Alex may be acting out, but it’s not out of typical teenage angst. When she informs her father that her mother was cheating on him, it shifts Matt’s perspective on things and changes the direction of Alex’s role in the film to one of support rather than resistance. That’s not to say she isn’t a teenager. She insists on including her friend Sid in just about everything from that point on. Sid, as played by Nick Krause (“How To Eat Fried Worms”), seems a few fuses short of a circuit at first, but like most other elements of this story, is more than he seems by its end.
Throughout all of this Matt is dealing with being the head of a large family land trust that is being dissolved within the next seven years. The extended family is pushing him to sign a deal to sell the land to a Kaua’i local. We meet several cousins throughout the movie who are politely aware of Matt’s situation with his wife, but more focused on what’s going to be done with the land.

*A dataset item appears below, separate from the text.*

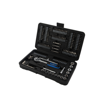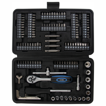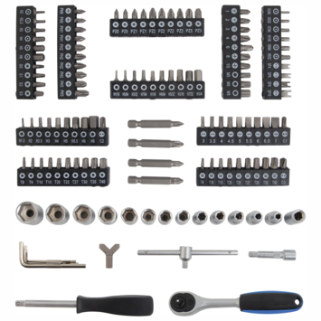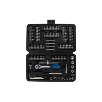 De HANDSON-dopsleutelset met 1/4"-dopsleutels bestaat uit 130 delen. De set bevat 13 losse dopsleutels, een ratel, een verlengstuk van 50mm, een ratelschroevendraaier, een T-sleutel, een 100-delige bitset met bithouder, inbussleutels en een haakschroevendraaier. De dopsleutels uit deze set zijn gemaakt van hoge kwaliteit chroom-vanadiumstaal. Ook bevat deze set nog 4 lange bits. De dopsleutels en lange dopsleutels uit de set hebben een sleutelwijdte variërend van 4mm tot 14mm. In de bijbehorende handige cassette bergt u alle dopsleutels, bits en accessoires goed en overzichtelijk op. Kortom, met de dopsleutelset van HANDSON heeft u altijd de juiste dopsleutel bij de hand voor het los- of vastdraaien van iedere moer op iedere plek.
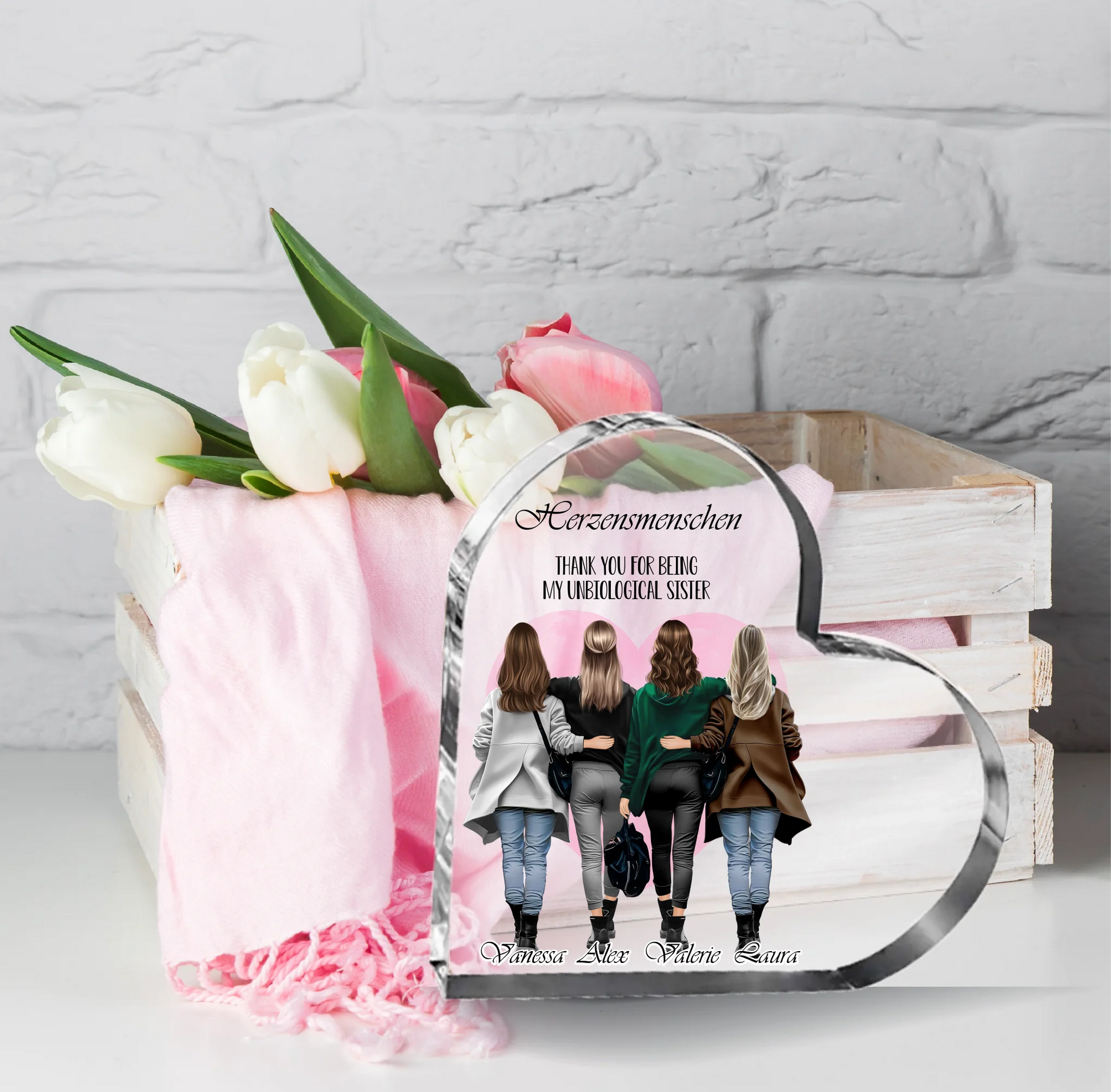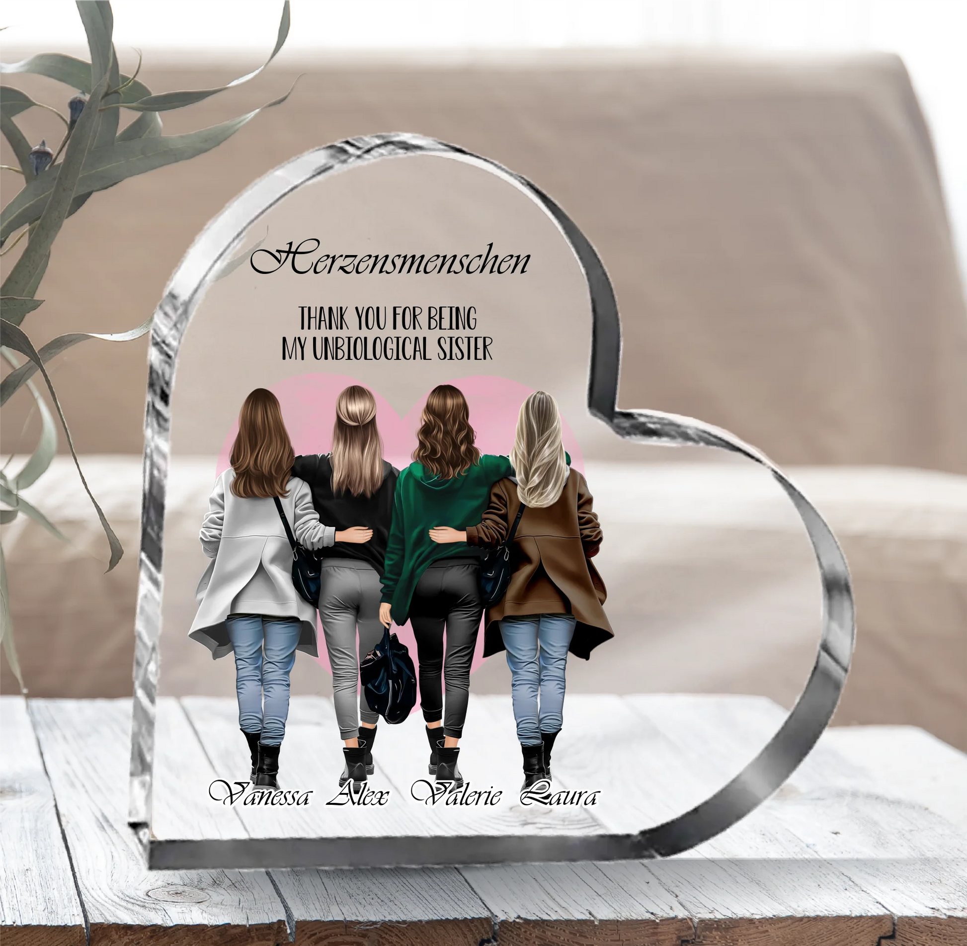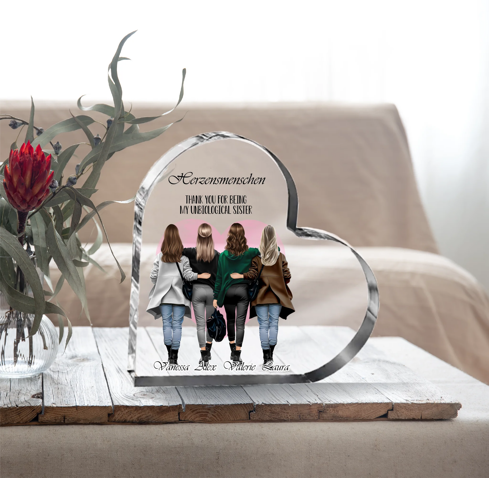 2-4 Freundinnen personalisiert Herz Glasaufsteller

Meanwhile, Matt learns that his wife’s lover was a Realtor named Brian Speer (Matthew Lillard, “Scooby-Doo”). Matt decides to follow Speer to Kaua’i to invite him to come say goodbye to his wife before they remove her from life support.
I’m sure this description makes this movie sound like a depressing slog through realities we’d all rather escape when watching movies. A few of my friends have even bucked the critical praise of the film to call it “boring.” I don’t know what they were expecting, but “The Descendants” is far from a bore. Instead of giving us action and thrills, it gives us the mysteries of human emotion. Empathy from where you least expect it. Angst from someone who you expect to have compassion. The denseness of others in their attempts to show sympathy. How so much of what we express comes out wrong and why. These are the hooks of this tale, and they’re told with the poetry of everyday life and the humor that allows us to cope.
George Clooney (“The Ides of March”) and Shailene Woodley (“The Secret Life of Teenagers”) anchor the film with their honest performances as father and daughter. Clooney shows shades of several of his screen personalities. His Matt King is a little bit of the stable leader in movies like the “Ocean’s” trilogy and a little bit of the unstable goof seen in the movies he’s done with the Coen Brothers. He never takes the character very far in either direction, which gives him more of an everyman feel despite his good looks. Woodley does a balancing act as a girl who is in every way a teenager and a daughter who steps up in a time of need.
Amara Miller also does a good job as Scottie, balancing the confusion she has about what has happened to her mom and just being a ten-year-old kid. There is an emotional scene early on where her dad talks with another man about the accident. Her reaction is visceral and accurate in depicting a kid’s feelings for something she doesn’t understand. The rest of the cast stays in their supportive roles, never stealing the spotlight from the nuclear family dilemma, but adding color and depth to what this family is experiencing.
I haven’t read the book by Kaui Hart Hemmings, who makes it a habit to write about father/daughter relationships. I imagine there must be something autobiographical about her work to capture so well the awkward nature of humans and their relationships with each other. Payne makes a great director for such subject matter, having made his own career out of exploring the eccentricities of human relationships in such films as “About Schmidt” and “Sideways”. “The Descendants” is his best work to date.